[[ MATERIAL PROVIDED, beginning ]]
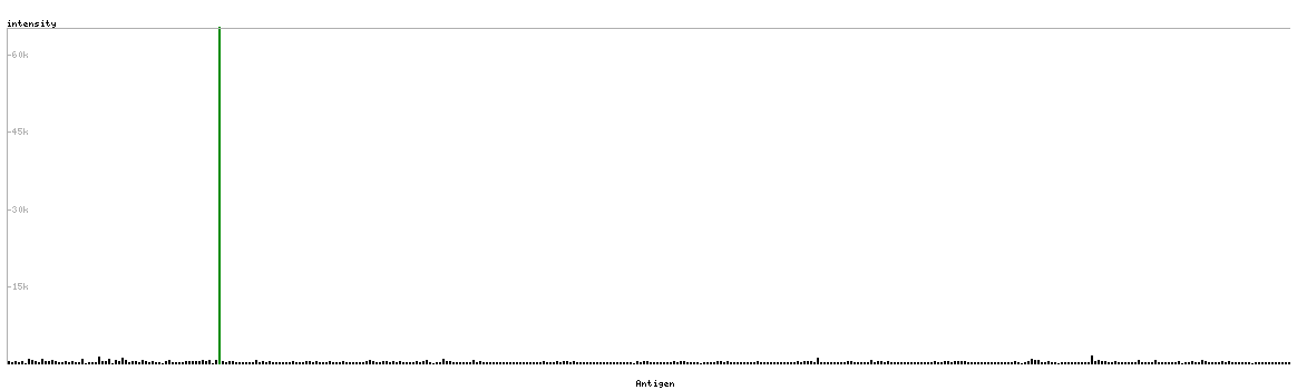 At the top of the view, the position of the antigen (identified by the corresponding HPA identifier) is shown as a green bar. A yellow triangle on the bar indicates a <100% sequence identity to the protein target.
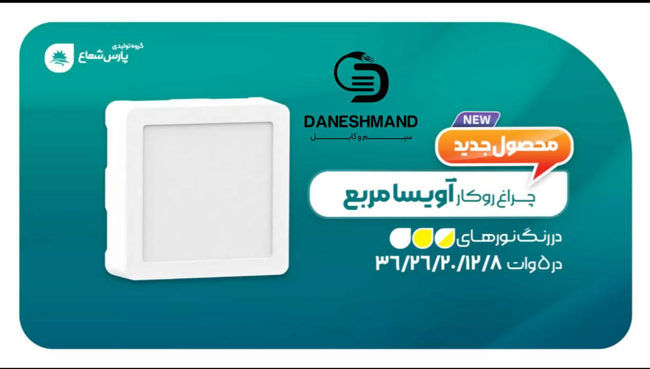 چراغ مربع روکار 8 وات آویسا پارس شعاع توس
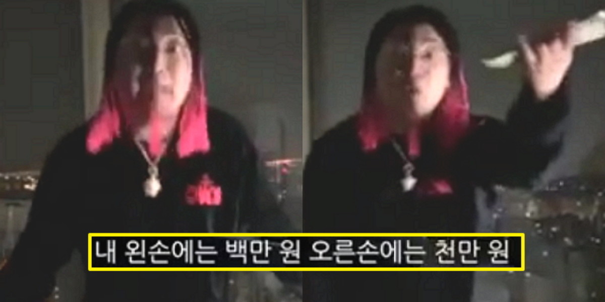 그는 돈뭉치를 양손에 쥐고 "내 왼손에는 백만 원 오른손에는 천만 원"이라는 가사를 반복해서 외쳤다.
[[ MATERIAL PROVIDED, end ]]
[[ MATERIAL PROVIDED, beginning ]]
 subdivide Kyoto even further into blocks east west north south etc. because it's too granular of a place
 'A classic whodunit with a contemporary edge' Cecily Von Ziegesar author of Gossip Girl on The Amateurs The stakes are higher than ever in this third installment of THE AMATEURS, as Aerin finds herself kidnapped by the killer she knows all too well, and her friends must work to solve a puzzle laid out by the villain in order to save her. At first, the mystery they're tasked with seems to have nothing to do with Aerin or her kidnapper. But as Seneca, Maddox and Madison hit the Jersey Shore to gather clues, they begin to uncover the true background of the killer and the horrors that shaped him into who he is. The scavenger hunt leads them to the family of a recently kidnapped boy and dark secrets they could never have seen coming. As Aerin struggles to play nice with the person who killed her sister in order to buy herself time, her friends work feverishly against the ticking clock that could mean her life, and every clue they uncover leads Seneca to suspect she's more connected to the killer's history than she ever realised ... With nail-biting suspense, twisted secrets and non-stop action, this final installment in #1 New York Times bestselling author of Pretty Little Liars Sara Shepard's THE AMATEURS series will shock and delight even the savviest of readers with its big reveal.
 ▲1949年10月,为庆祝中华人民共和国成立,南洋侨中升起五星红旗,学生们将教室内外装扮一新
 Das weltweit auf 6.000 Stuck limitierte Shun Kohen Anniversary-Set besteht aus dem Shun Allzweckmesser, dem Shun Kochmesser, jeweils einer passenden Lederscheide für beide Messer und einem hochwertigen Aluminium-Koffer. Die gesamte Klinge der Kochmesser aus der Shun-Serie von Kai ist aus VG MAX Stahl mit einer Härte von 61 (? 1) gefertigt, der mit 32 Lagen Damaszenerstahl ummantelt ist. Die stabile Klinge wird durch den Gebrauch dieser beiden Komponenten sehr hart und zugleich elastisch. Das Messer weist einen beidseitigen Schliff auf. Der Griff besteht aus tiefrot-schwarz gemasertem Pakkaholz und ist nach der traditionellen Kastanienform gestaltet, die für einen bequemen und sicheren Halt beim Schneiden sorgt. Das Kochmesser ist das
[[ MATERIAL PROVIDED, end ]]
[[ MATERIAL PROVIDED, beginning ]]
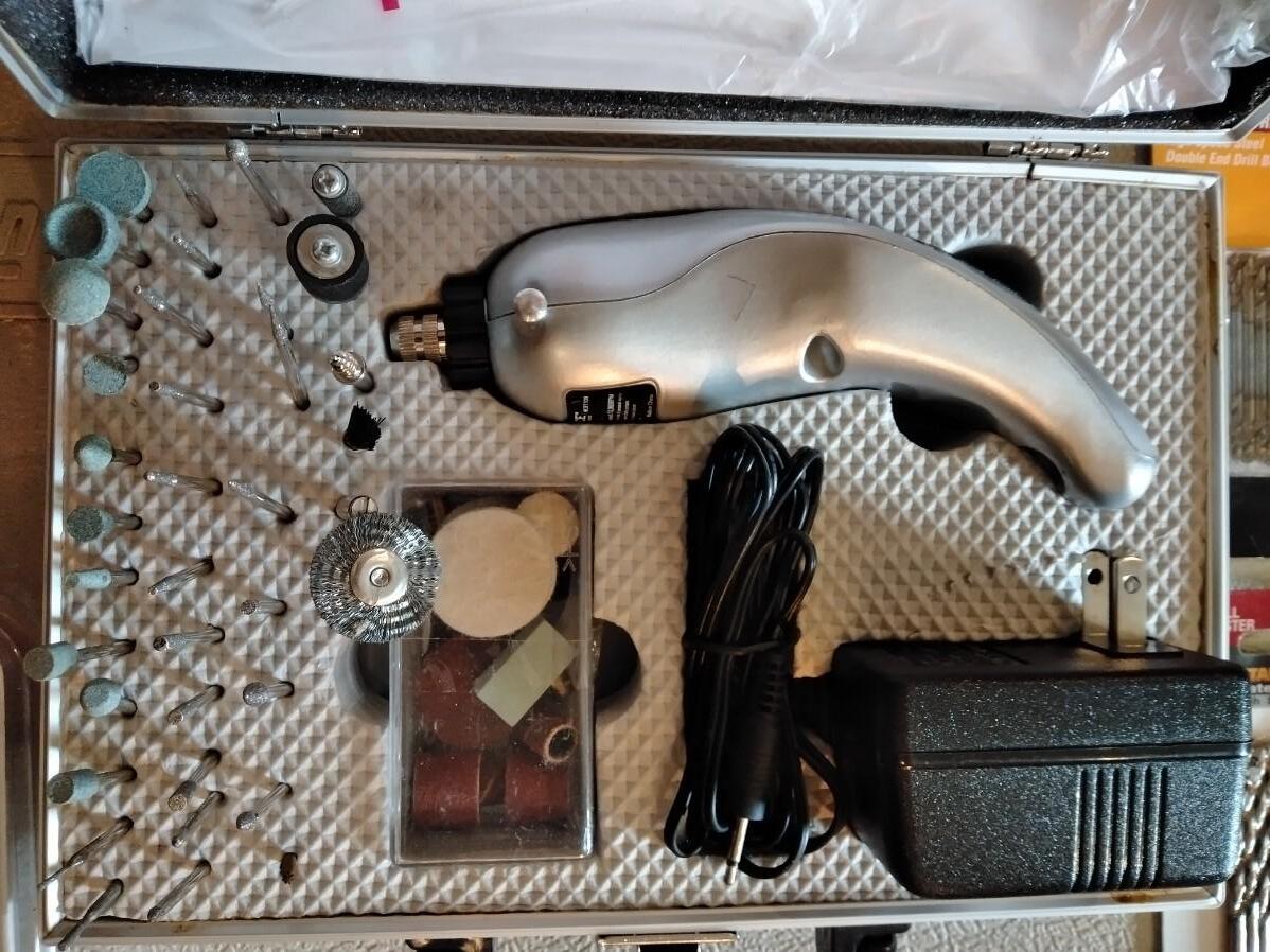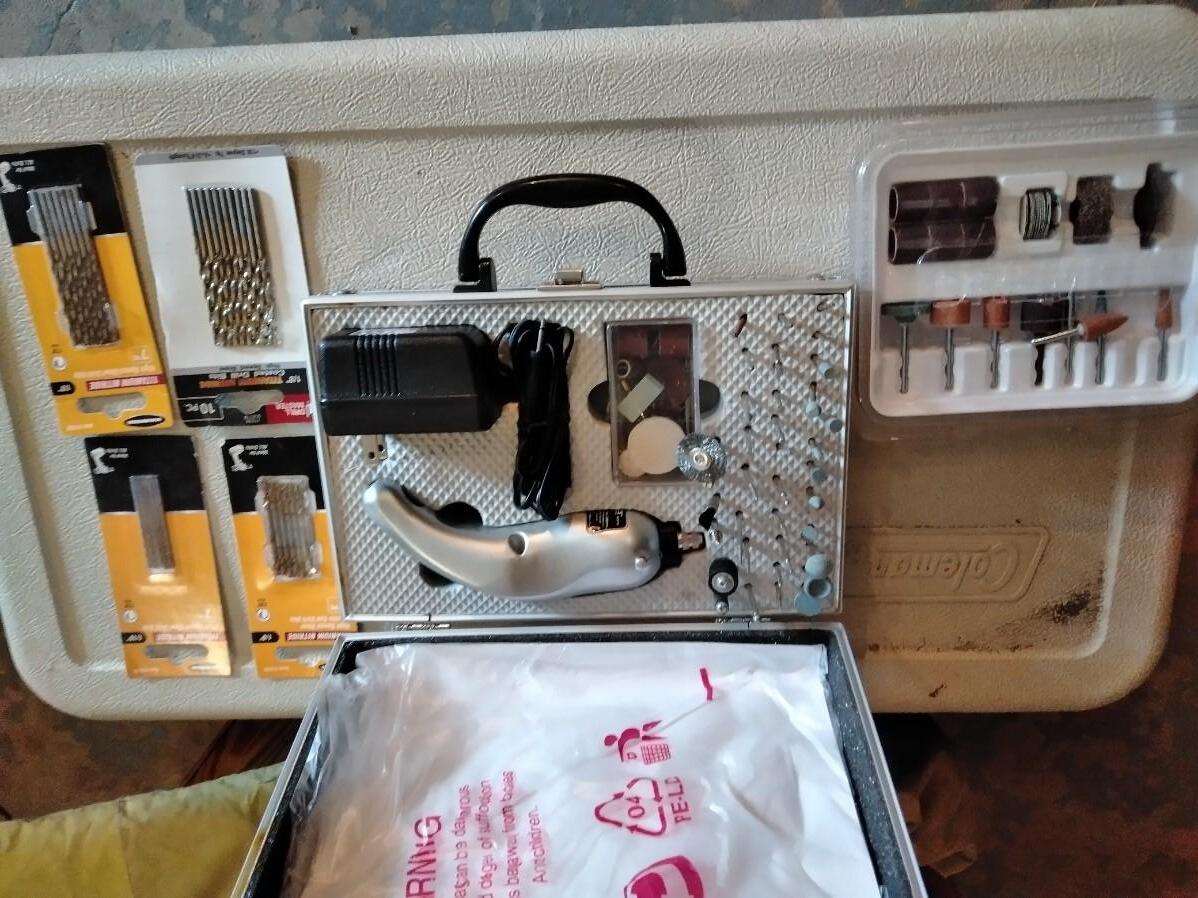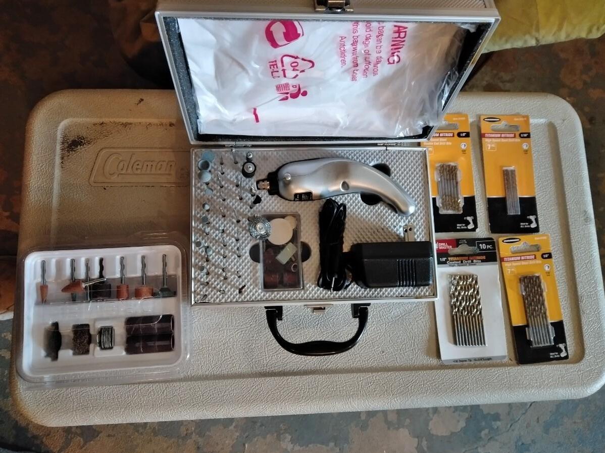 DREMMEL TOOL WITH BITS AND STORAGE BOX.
[[ MATERIAL PROVIDED, end ]]
→ **TASK DIRECTIONS**
Reproduce exactly the lines above starting at the line containing "چراغ مربع روکار 8 وات آویسا پارس شعاع توس" and ending at the line containing "그는 돈뭉치를 양손에", including both, but not the pictures.

→ **RESPONSE BOX**
 چراغ مربع روکار 8 وات آویسا پارس شعاع توس
 그는 돈뭉치를 양손에 쥐고 "내 왼손에는 백만 원 오른손에는 천만 원"이라는 가사를 반복해서 외쳤다.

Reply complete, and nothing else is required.